We Southerners know a lot about hurt pride. For a thousand obvious reasons – past and present – it’s part of our DNA, and lots of us walk around with invisible (but heavy) chips on our shoulders. I would venture to say it’s a burden we secretly enjoy, this notion that nobody understands us and everybody’s out to get us. In a strange way, it binds us together in a sort of “us against the world” mentality, a subconscious victims’ society. I believe the lowering of the Confederate flag has fanned that feeling into a frenzy among some of my Southern brethren (and sistren), who imagine that, once again, we’re under attack by outside forces. The fact that they love that feeling – that it gets their rebel blood flowing and sends their self-righteousness soaring – doesn’t help matters. The fact that the flag’s removal was an act of reconciliation made by South Carolinians for South Carolinians seems lost on them, especially in light of the cultural dismantling that’s suddenly sweeping the nation. (More on that in another column. Maybe.)
The thing is, I feel for these people. I love them, even. They are my own. Like me, they probably grew up hearing that the Civil War was “complicated,” that it “wasn’t really about slavery,” that it was about “states’ rights.” These are the soothing things we were told growing up, and only recently did I decide to cut through all the BS out there and go straight to the primary source – the Declaration of Causes of Secession. South Carolina’s is an eloquent document that uses its first half to establish SC’s constitutional right to secede . . . then spends its second half making it 100% clear why the state wanted to secede: to maintain the institution of slavery. Turns out it’s really not complicated at all. That’s a hard truth to face.
Another hard truth? The Confederate flag was conceived as an emblem of white supremacy. And though it later came to symbolize something very different for many of us Southerners – our struggles, our perseverance, the courage of our ancestors, our “rebel” spirit (which we still love to cultivate!) – it never stopped being an emblem of hatred and humiliation for Southerners like Rep.
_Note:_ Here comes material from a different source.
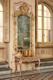 in legno intagliato e dorato a doppia fascia, fascia interna modanata di forma sagomata e impreziosita lungo il bordo da rametti e fogliette di acanto, che nella parte superiore vanno a formare la cimasa scolpita a motivo rocaille, fascia esterna di analoga forma sagomata attorno alla quale si avvolge un motivo continuo di rametti fioriti realizzato a giorno, che si porta fino alla ricca cimasa scolpita a grande cartouche sormontata da foglia aperta e impreziosita da rami fioriti; centro inferiore a foglia aperta rivolta verso il basso inquadrata da volute su piedini a ricciolo, cm 275x130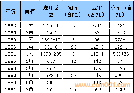 數(shù)據(jù)采集中國現(xiàn)代網(wǎng) http://www.coin001.cn/read.php?tid=62255 數(shù)據(jù)采集NGC硬幣評級分數(shù)分布表 (2015年3月3日) http://www.coin001.cn/read.php?tid=64910 數(shù)據(jù)采集NGC硬幣評級分數(shù)分布表 (2015年4月7日) 難度系數(shù)是動態(tài)的,評級量上升不管他是冠軍還是亞軍難度系數(shù)的分數(shù)一定會提高,總量上升是必然的,關鍵是看各個分數(shù)段有沒有上升和市場的需求有沒有變化(尤其是高分段)有時低分多和送評總數(shù)高不一定是壞事反而能襯托高分的稀缺性。如果某些品種的評級已經(jīng)接近飽和那他的難度系數(shù)分數(shù)就不會上升隨著時間的推移他的價值同樣能體現(xiàn)出來!通常這種集中放量和市場價格合適的話對于您來說的那個品種也許是最佳的買入時機。 評級的精髓就是品相的稀缺性和溢價,高分越少相應的難度系數(shù)就越高,關于這個計算公式我是通過深思熟慮考慮到了各種的可能性結合了大量的參考數(shù)據(jù),我個人認為在未來10年內除了幣的本身價值外,任何品種的評級幣難度系數(shù)分數(shù)越低其價值就越高,這也可以理解為評級除了保護錢幣狀態(tài)屬性外另外的一個精髓所在 我一直認為流通硬幣是非常適合評級的,主要基于流通的總量大流通的范圍廣,高品質未參與流通的硬幣總量較為稀缺評級難度的體現(xiàn)將更加明顯,其中我認為普制長城幣和早期分幣最適合評級,,希望我的難度排序能給準備加入這個領域的收藏者更多的幫助和參考,希望大家收藏愉快!!!

Joe Neal and his family. For that reason alone, it didn’t belong on the grounds of our state Capitol – not in 1961, and not in 2015. I know others disagree, but I think that’s their hurt pride talking.
Hurt pride . . . hurts. But truth heals. Grace heals. Putting the feelings of others before our own? That heals, too. Here in my beloved southland, we all have more healing to do. I’m game if y’all are.